呂諲看著卷宗被烈焰吞噬,卷宗上的字跡一點點消散,化為一縷縷青煙,仿佛自己從死到生走了一圈。
馬上言給呂諲重新斟滿酒,笑道:“呂大人,酒要趁溫喝,今夜咱們不醉不歸。”
送走失魂落魄的呂諲后,馬上言回到內堂,翻看馬忠前兩日呈送上來的禮單。金銀珠寶、古玩字畫,多達十數箱。
一見這些財寶,剛才還醉眼朦朧的馬上言,立刻精神煥發。
馬上言心中得意:“權勢真是個好東西。只要上下牙一碰,兩邊一攛掇,錢如泉涌,汩汩而來。”
馬上言從箱內挑出一支名貴的金步搖,插在對食(宦官的夫人)張氏的發髻上。再取出一對翡翠玉鐲,套在張氏的手腕上。
張氏眨動單眼皮小眼,笑的花枝亂顫,厚厚的粉底遮不住臉上細小的雀斑。
張氏嬌笑道:“大人,您這位族兄出手還真是闊綽。不過,賤妾怎么從未聽說過您還有這房親戚?”
馬上言哈哈大笑,道:“只要有錢收,別說多出來個族兄,就是憑空掉下來個爹,我也認了!”

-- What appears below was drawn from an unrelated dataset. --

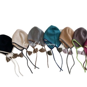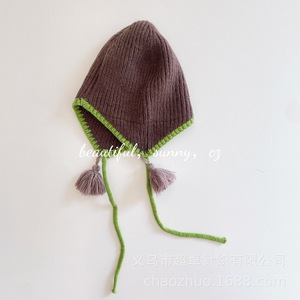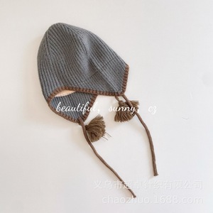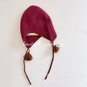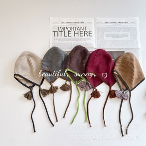 INS风小众设计师同款流苏小辫子撞色边品质款毛线帽儿童护耳帽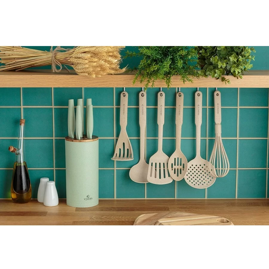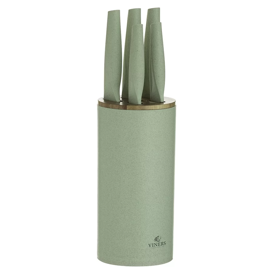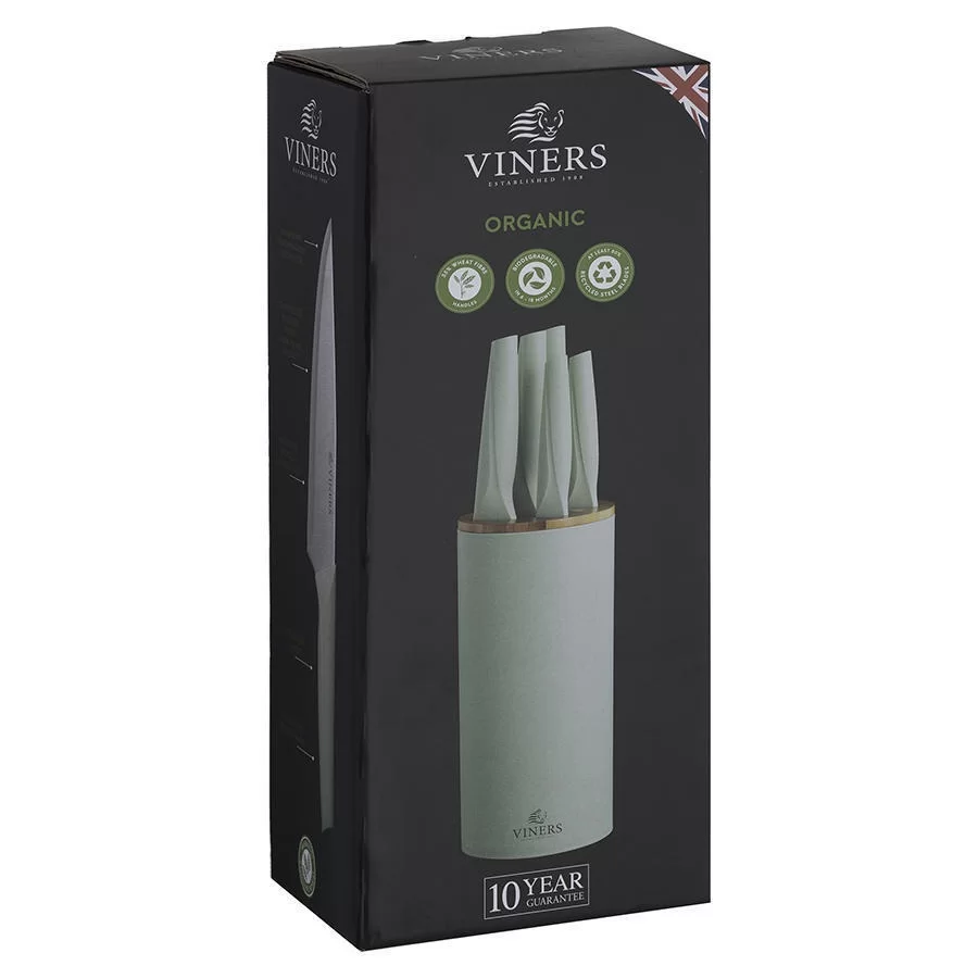 Набор из 5-ти кухонных ножей на подставке Organic нержавеющая сталь + полипропилен, цвет зеленый, Viners, Великобритания, v_0305.187

數日后,馬忠拿到兵部調令,調入駐防陜州的神策軍行營,任正五品下的折沖都尉。
馬忠辭謝完馬上言和呂諲后,打馬揚鞭,即刻走馬上任。
消息傳到白復耳中,白復冷笑一聲。
吞下了魚餌,就身不由己咯。是放生還是釣出水面,全在漁翁一念之間。
白復對斥候田膨郎道:“魚已經咬鉤。你連夜去一趟神策軍行營,面見衛伯玉將軍,把馬忠的來歷告訴他……”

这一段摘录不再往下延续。